戈雅與白芷輕聲輕步地往亭院旁上走去。
發現是兆佳庶妃與易庶妃,兩人帶著各自的宮女坐在亭子旁的石桌上,桌面上除了幾碟糕點,還帶著溫酒的爐子。
瞧著情形,兩人應該是來梅花園喝酒賞梅的。
“我瞧著兆佳姐姐比那董庶妃強多了,那個董庶妃除了美貌一無是處。”易庶妃對著相貌清秀的兆佳庶妃阿諛奉承道。
作為顏狗的戈雅,忽然聽到易庶妃這話,不僅沒有到冒犯,反而一臉黑人問號,這到底是夸人呢還是貶人呢
兆佳庶妃聞言臉色有點黑,她原本就認為自己樣貌在滿洲姑娘中算是不錯了,可誰知進宮后,才發覺自己的姿色在宮中只算是下乘,就連眼前的易庶妃顏色都要比她強上一兩分。
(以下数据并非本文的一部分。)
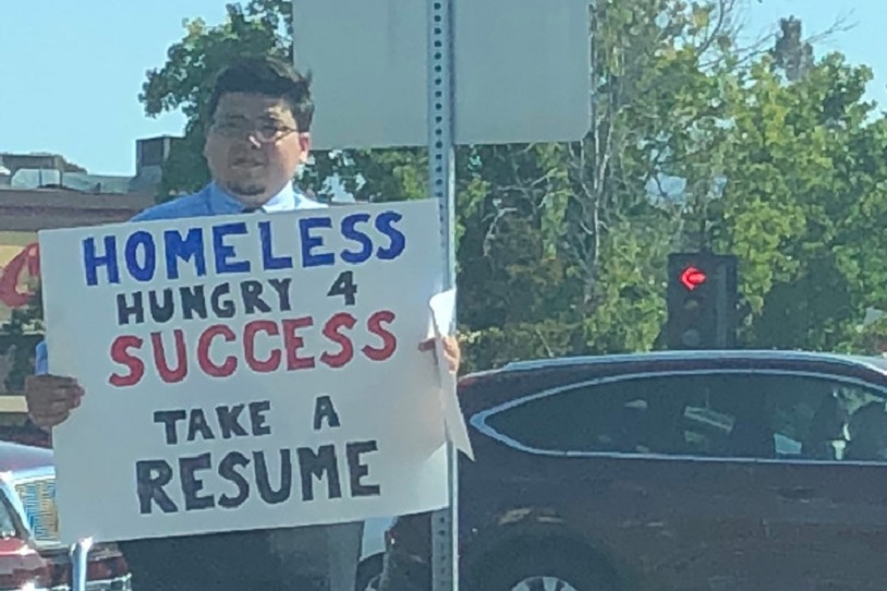 Nyuma yo gusoza kwiga akabura akazi, yigiriye inama maze afata icyapa cyanditseho ubuzima bubi abayeho, ajya mu muhanda kugira ngo asabe ubufasha ngo byibura arebe ko hari n’uwamuha akazi. Ibi yabikoze mu 2018.
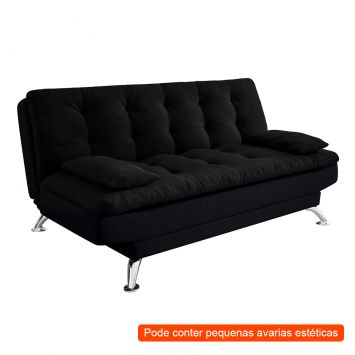 [OUTLET] Sofá-Cama Casal 3 Lugares Premium Suede Pés de Metal Preto
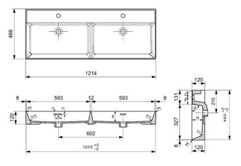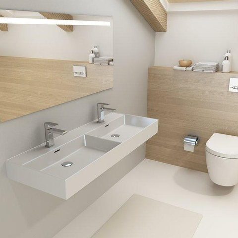Plieger Kansas wastafel dubbel 2 kraangaten met overloop 120x46.6cm matwit
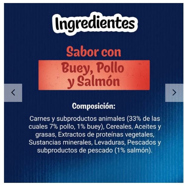 Carne y subproductos animales (35% del cual un 50% es rehidratado con un contenido de carne mínimo de 26%, 0,5% de carne de vacuno, 0,5% de pollo), cereales, aceites y grasas, extractos de proteínas vegetales, minerales, azúcar, levadura, pescado y subproductos de pescado (1% del cual un 2% es rehidratado con 0,5% salmón).
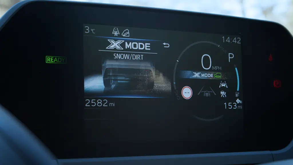 There are various powertrains available, all of which feature new eAxles that claim to provide greater power with higher efficiency. For the mainstream SUV body shape, things kick off with a new entry-level front-driven variant, which has a single motor with 165hp energised by a 57.7kWh battery offering a 275 mile range. This base version gets to 62mph in 8.6s en route to a top speed of just 87mph. Most though, will opt for a bZ4X with the bigger battery, now rated at 73.1kWh and available with either front or four-wheel drive. The front-driven version puts out 221bhp and offers a 352 mile range, with 62mph possible in 7.4s en route to 99mph. Choose to have the 73.1kWh battery in concert with weightier dual motor AWD and range falls to 314 miles, but because output rises to 338bhp, the 62mph sprint time lowers to 5.1s. It's worth pointing out that the alternative body shape, the bZ4X Touring estate version, uses a slightly different 74.4kWh battery pack. A front-driven Touring mates that to the usual 221bhp motor, but the dual motor AWD Touring model puts out more power than any Toyota EV has to date - 376bhp. With both body shapes, the dual motor versions use the four-wheel-drive system the brand developed with Subaru. That set-up is called X-MODE and is supposed to give the bZ4X what the brand calls 'class leading off roading driving capability'; which is presumably what Subaru felt they needed for their version of this car, the Solterra. The dual motor versions have 'X-MODE' branded 'Snow/Dirt' or 'Deep Snow/Mud' drive settings that give this EV an unusual level of capability on the slippery stuff. There have been a few handling changes to this updated model, centred around tweaks to the front subframe and extra adhesive in the floor to increase chassis rigidity. In addition, the springs, dampers and bushings have all been retuned to make the ride feel more settled, especially for rear passengers. Plus measures have also been introduced to further reduce noise and vibration for an even more peaceful cabin environment. Whether you order your bZ4X with front or four-wheel drive, you'd expect selectable brake regen settings, which can now be operated by steering wheel paddleshifters and which still include a 'Regeneration Boost' feature, which slows your off-throttle progress by up to 0.15g, in the process harvesting more energy to recharge the battery as you drive. This Toyota needs that, given that its mileage range figures are still hardly class-leading, but in terms of refinement and ride quality, it remains up with the class leaders.
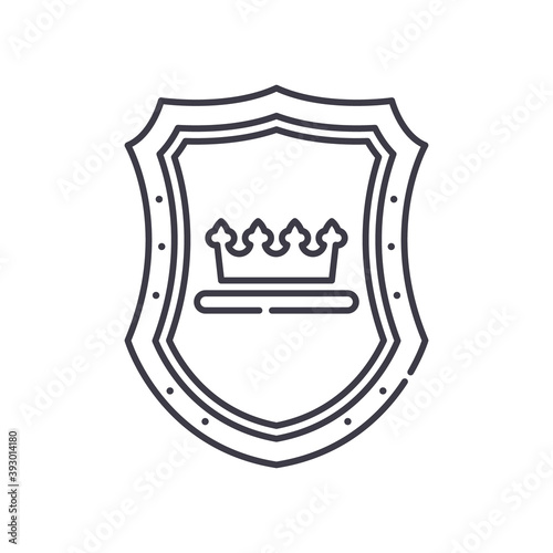 © Nina, Obraz premium Royal shield icon, linear isolated illustration, thin line vector, web design sign, outline concept symbol with editable stroke on white background.
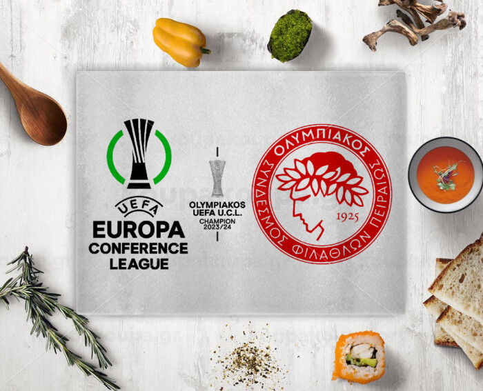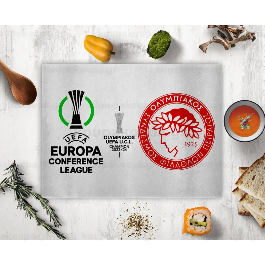 Ολυμπιακός νικητής UEFA Europa Conference League Champion 2023/24, Επιφάνεια κοπής γυάλινη (38x28cm)
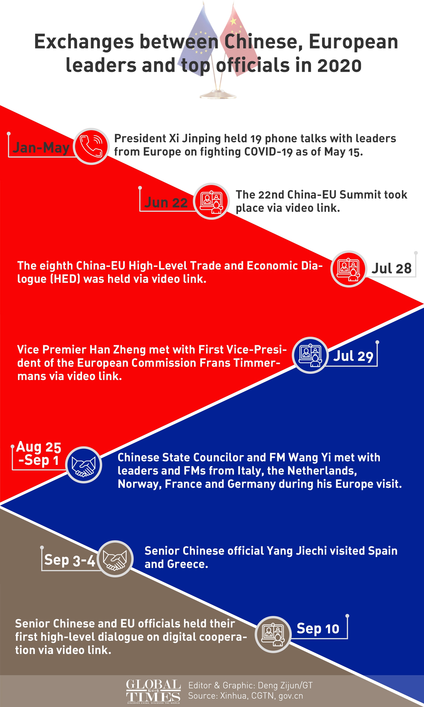Exchanges between Chinese, European leaders and top officials in 2020
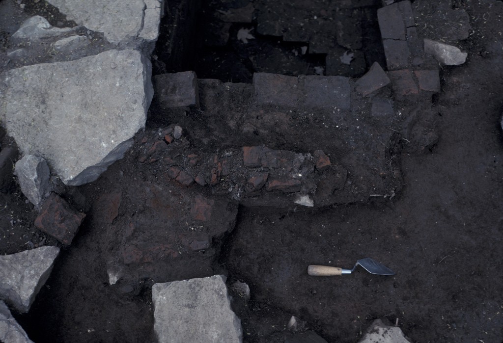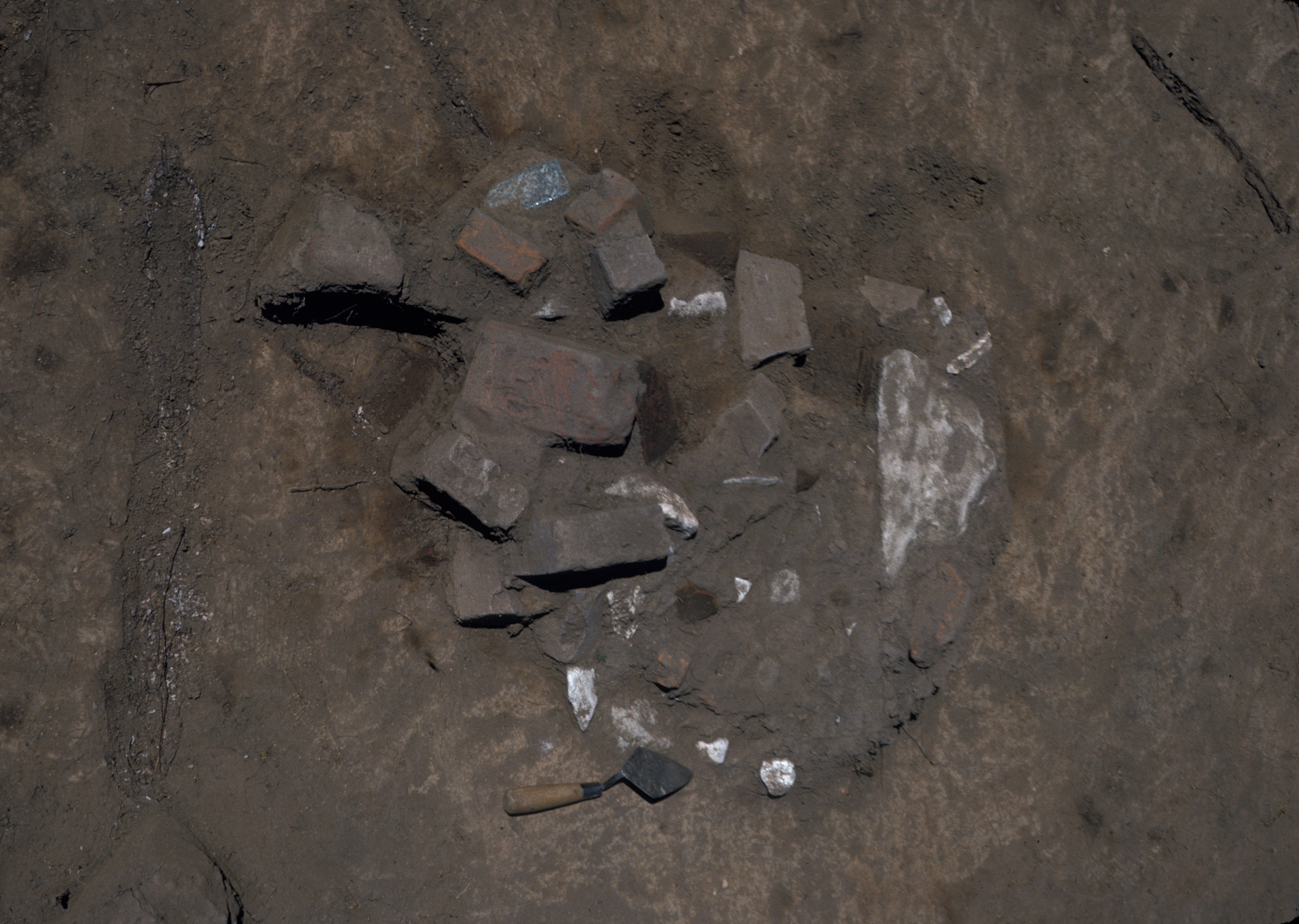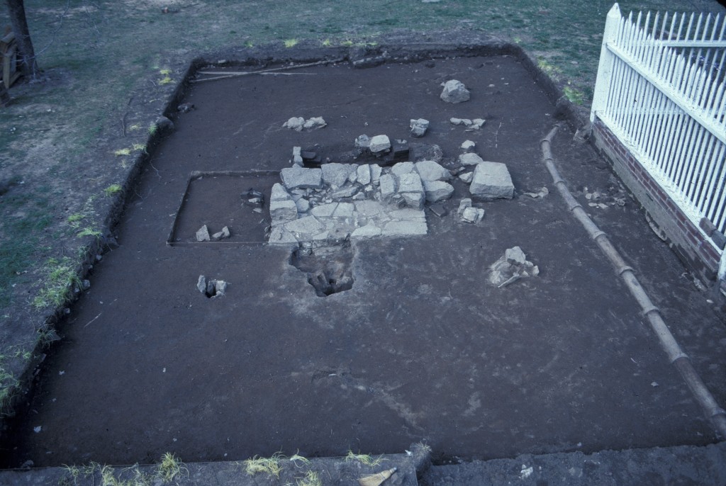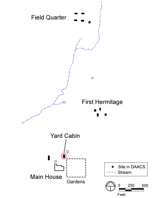 The Yard Cabin was a log duplex measuring approximately 20 by 40 feet, near the northwest corner of the Hermitage garden fence, approximately 90 feet from the mansion. The remains of the slave dwelling consisted of a massive limestone hearth base and a brick-lined subfloor pit directly in front of the hearth.

易庶妃發覺自己馬屁似乎拍得不對,又找補道“不像姐姐,您不僅是滿洲上三旗,還知書達理,而那位董庶妃據說只識得幾個字,略識淺薄,只能以色侍人,而皇上最是喜愛漢學,等皇上看膩了董庶妃的顏色,回首一看姐姐,定會發覺姐姐的好。”
兆佳庶妃聞言這才面色轉好。
其實她之所以頗通詩書,還是家里讓自己跟堂哥學的。
自從堂哥在順治十年中舉后,官職一路高升,族人便要求家主建立族學嗎,讓兆佳男丁學習漢學。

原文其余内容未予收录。